When Joseph Sobolewski got thirsty last month, he saw a sign in a nearby convenience store that was advertising two 20-ounce Mountain Dew bottles for $3. Sobolewksi only wanted one bottle, so he grabbed it, threw down two $1 bills — thinking he’d left a tip — and walked out of the store. Now he’s facing 7 years in prison over it.

Because Sobolewski didn’t realize that the sale price only applied to the two-bottle deal, instead of leaving a tip like he thought, he was actually short. A single bottle costs $2.29 and with tax applied, he was actually $0.43 short.

Instead of simply realizing the error and chalking it up to a harmless mistake, the store called the police — over 43 cents. According to police, the store clerk followed Sobolewski out of the store and told him that $2.00 was not enough, but when he did the math for a $1.50 soda, it was more than enough, so he drove off.

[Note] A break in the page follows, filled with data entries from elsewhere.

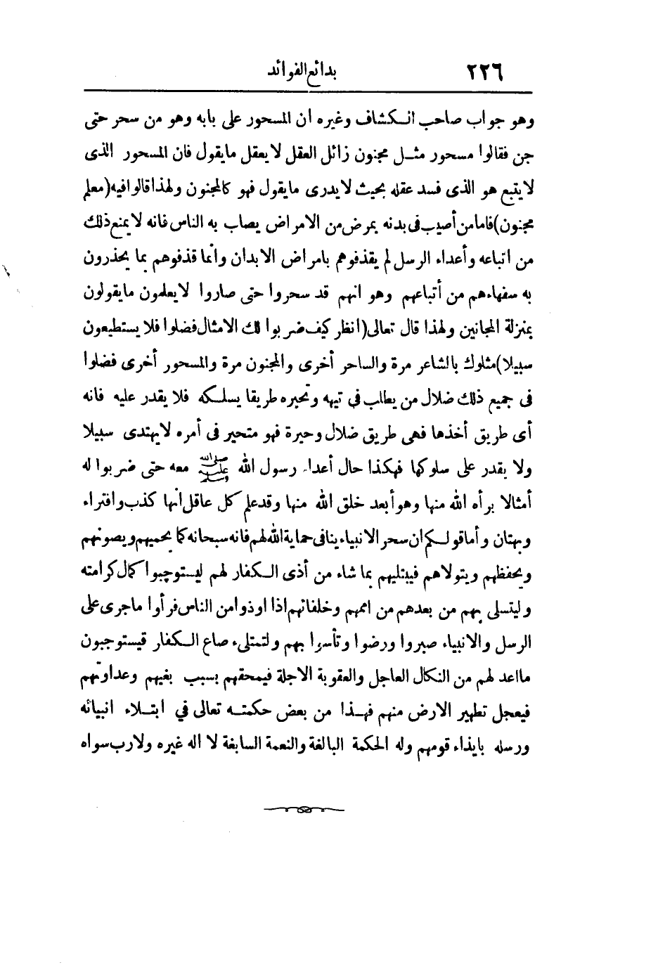 وهو جواب صاحب الكشاف وغيره إن المسحور على بابه وهو من سحر حتى جن فقالوا مسحور مثل مجنون زائل العقل لا يعقل ما يقول فإن المسحور الذي لا يتبع هو الذي فسد عقله بحيث لا يدري ما يقول فهو كالمجنون ولهذا قالوا فيه معلم مجنون فأما من أصيب في بده بمرض من الأمراض يصاب به الناس فإنه لا يمنع ذلك من اتباعه وأعداء الرسل لم يقذفوهم بأمراض الأبدان وإنما قذفوهم بما يحذرون به سفهاءهم من اتباعهم وهو أنهم قد سحروا حتى صاروا لا يعلمون ما يقولون بمنزلة المجانين ولهذا قال تعالى: {انْظُرْ كَيْفَ ضَرَبُوا لَكَ الأمْثَالَ فَضَلُّوا فَلا يَسْتَطِيعُونَ سَبِيلاً} مثلوك بالشاعر مرة والساحر أخرى والمجنون مرة والمسحور أخرى فضلوا في جميع ذلك ضلال من يطلب في تيهه وتحيره طريقا يسلكه فلا يقدر عليه فإن أي طريق أخذها فهي طريق ضلال وحيرة فهو متحير في أمره لا يهتدي سبيلا ولا يقدر على سلوكها فهكذا حال أعداء رسول الله صلى الله عليه وسلم معه حتى ضربوا له أمثالا برأه الله منها وهو أبعد خلق الله منها وقد علم كل عاقل أنها كذب وافتراء وبهتان وأما قولكم إن سحر الأنبياء ينافي حماية الله تعالى لهم فإنه سبحانه كما يحميهم ويصونهم ويحفظهم ويتولاهم فيبتليهم بما شاء من أذى الكفار لهم ليستوجبوا كمال كرامته وليتسلى بهم من بعدهم من أممهم وخلفائهم إذا أوذوا من الناس فرأوا ما جرى على الرسل والأنبياء صبروا ورضوا وتأسوا بهم ولتمتلئ صاع الكفار فيستوجبون ما أعد لهم من النكال العاجل والعقوبة الآجلة فيمحقهم بسبب بغيهم وعداوتهم فيعجل تطهير الأرض منهم فهذا من بعض حكمته تعالى في ابتلاء أنبيائه ورسله بإيذاء قومهم وله الحكمة البالغة والنعمة السابغة لا إله غيره ولا رب سواه.
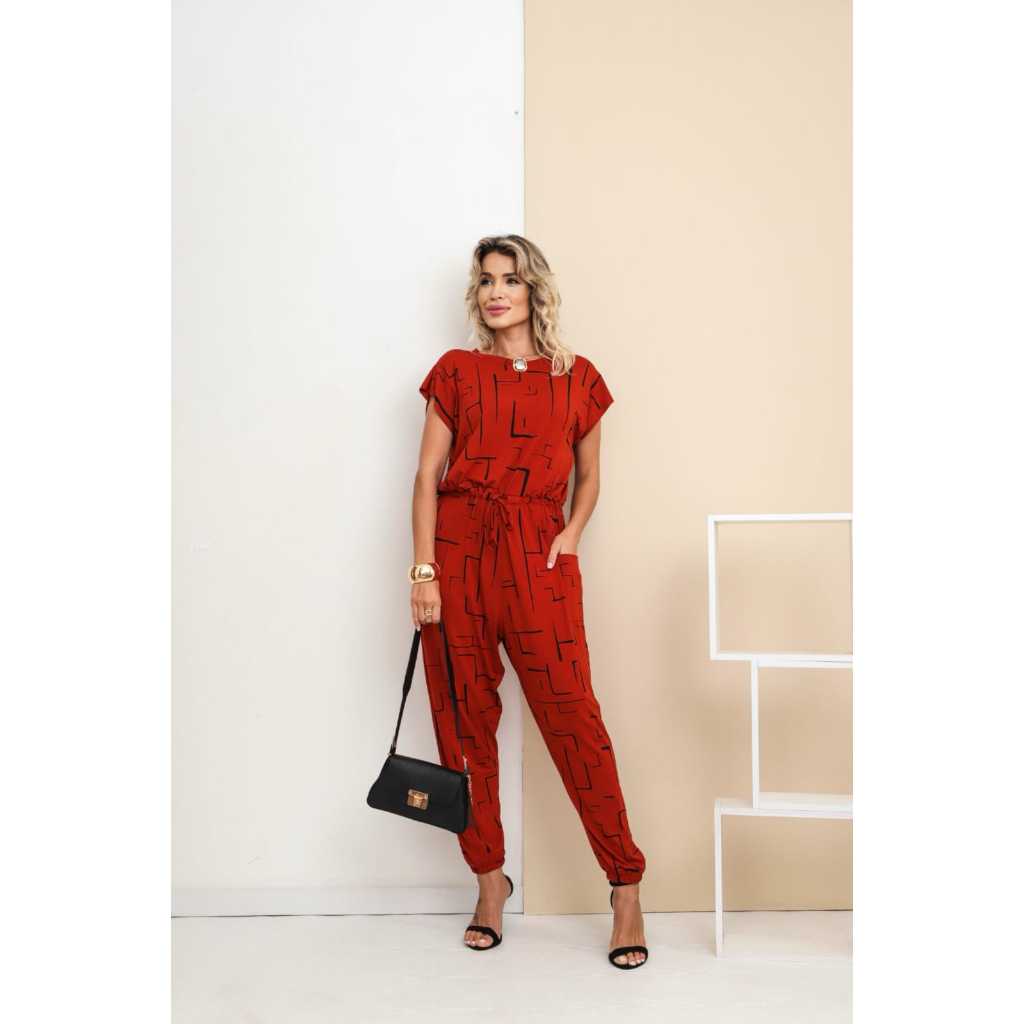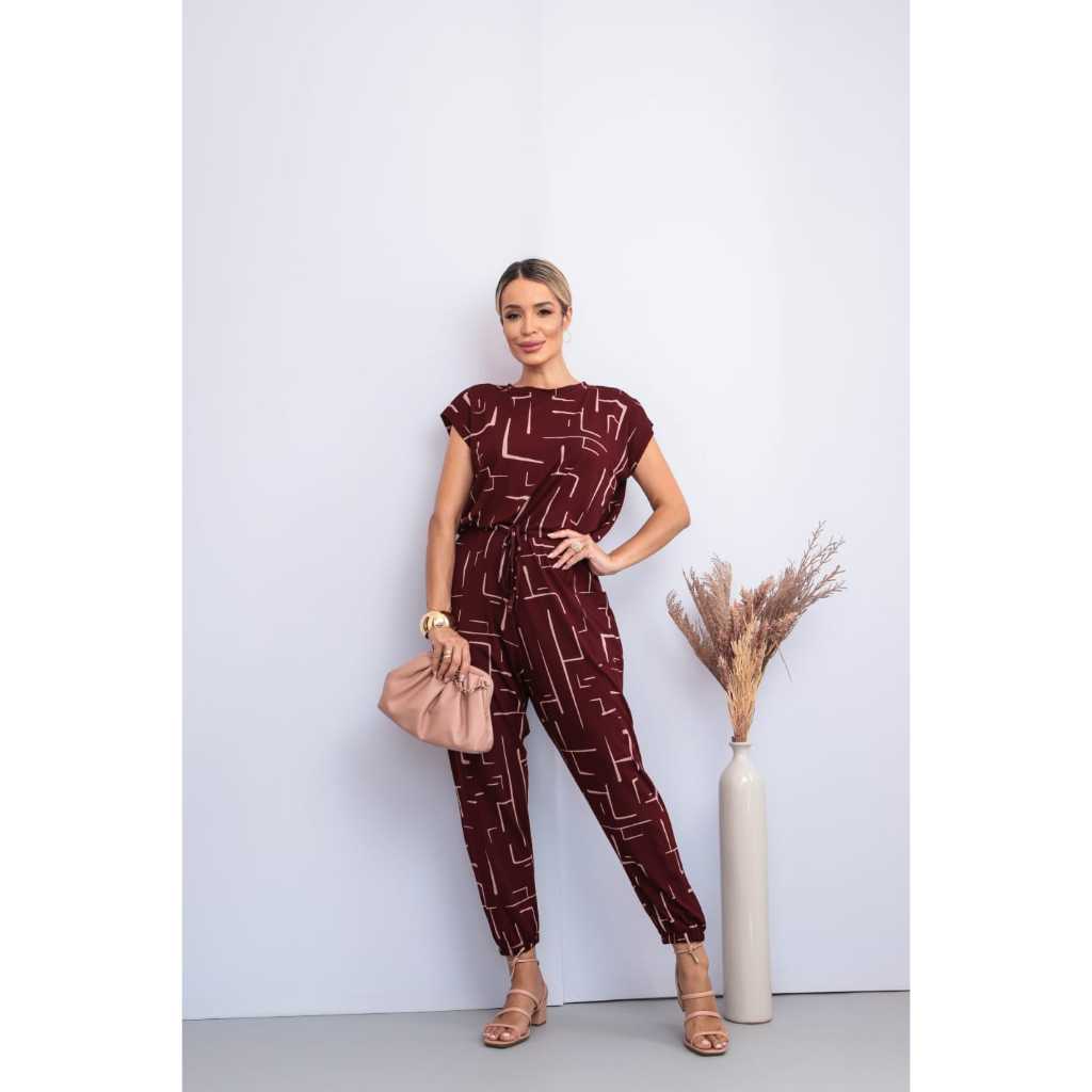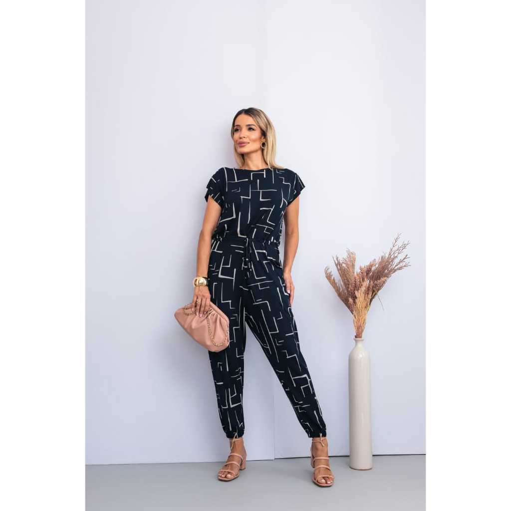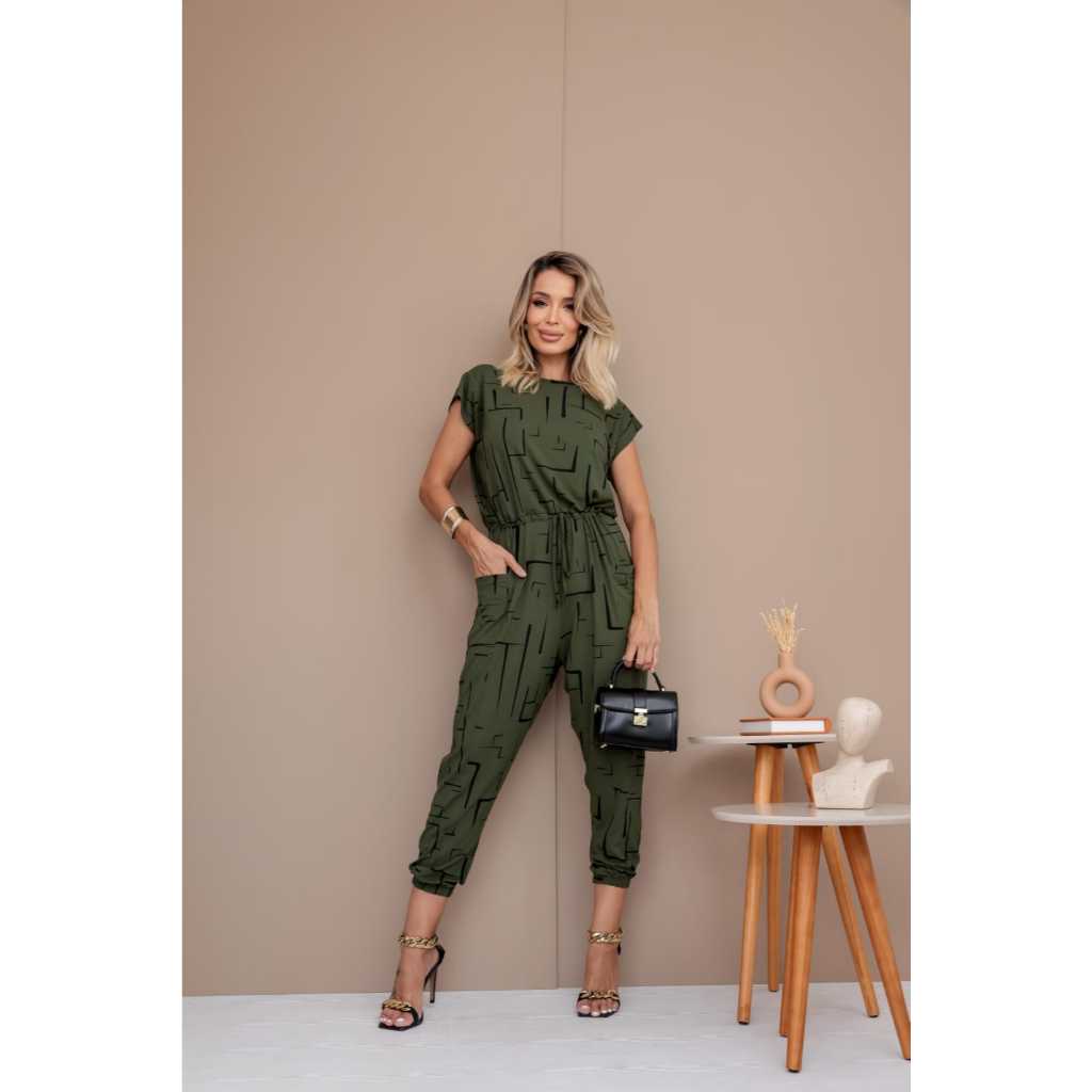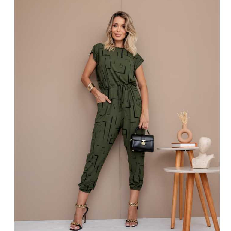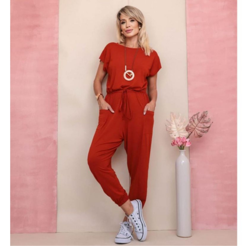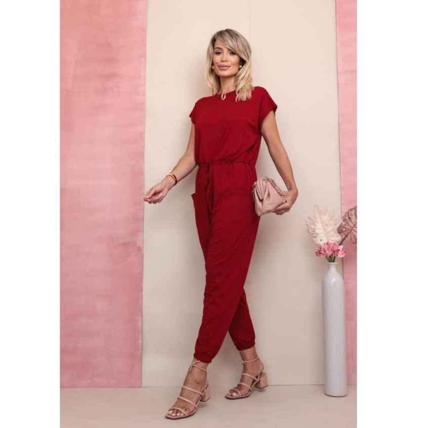 Macacão Saruel Moderno Despojado Longo com manga bolso e ajuste na cintura
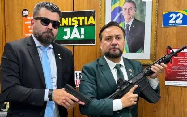 Na foto divulgada, Zezinho segura um fuzil, enquanto Caveira empunha uma pistola. Ainda segundo a publicação, o vereador confirmou à Veja que as armas eram reais e pertencem ao deputado. “São de propriedade do deputado federal Delegado Caveira”, afirmou. Ainda conforme a publicação, o sistema de detecção de metais da Câmara não foi acionado para impedir a entrada das armas, o que contraria os rígidos protocolos de segurança da Casa.

How it escalated to the next level of police involvement is unclear as the clerk told police that Sobelewski “threw $2 onto the checkout counter.” And, by his math, he actually tipped the clerk.

When police caught up to Sobolewski, instead of simply asking him for two quarters to pay his tab, they arrested him on felony theft charges and locked him in a cage because the store clerk wanted him to be punished. According to Pennsylvania State police spokeswoman Megan Ammerman, troopers “cannot decide to not charge someone for a criminal case, only victims of certain crimes can decline charges. If we are called to an incident involving a crime we follow and enforce the PA Crimes Code.”

After he was arrested and thrown in a cage, to top it off, they set his bail at a $50,000 cash-only bond, meaning he will sit in that cage until his trial in November as he is unable to pay for it.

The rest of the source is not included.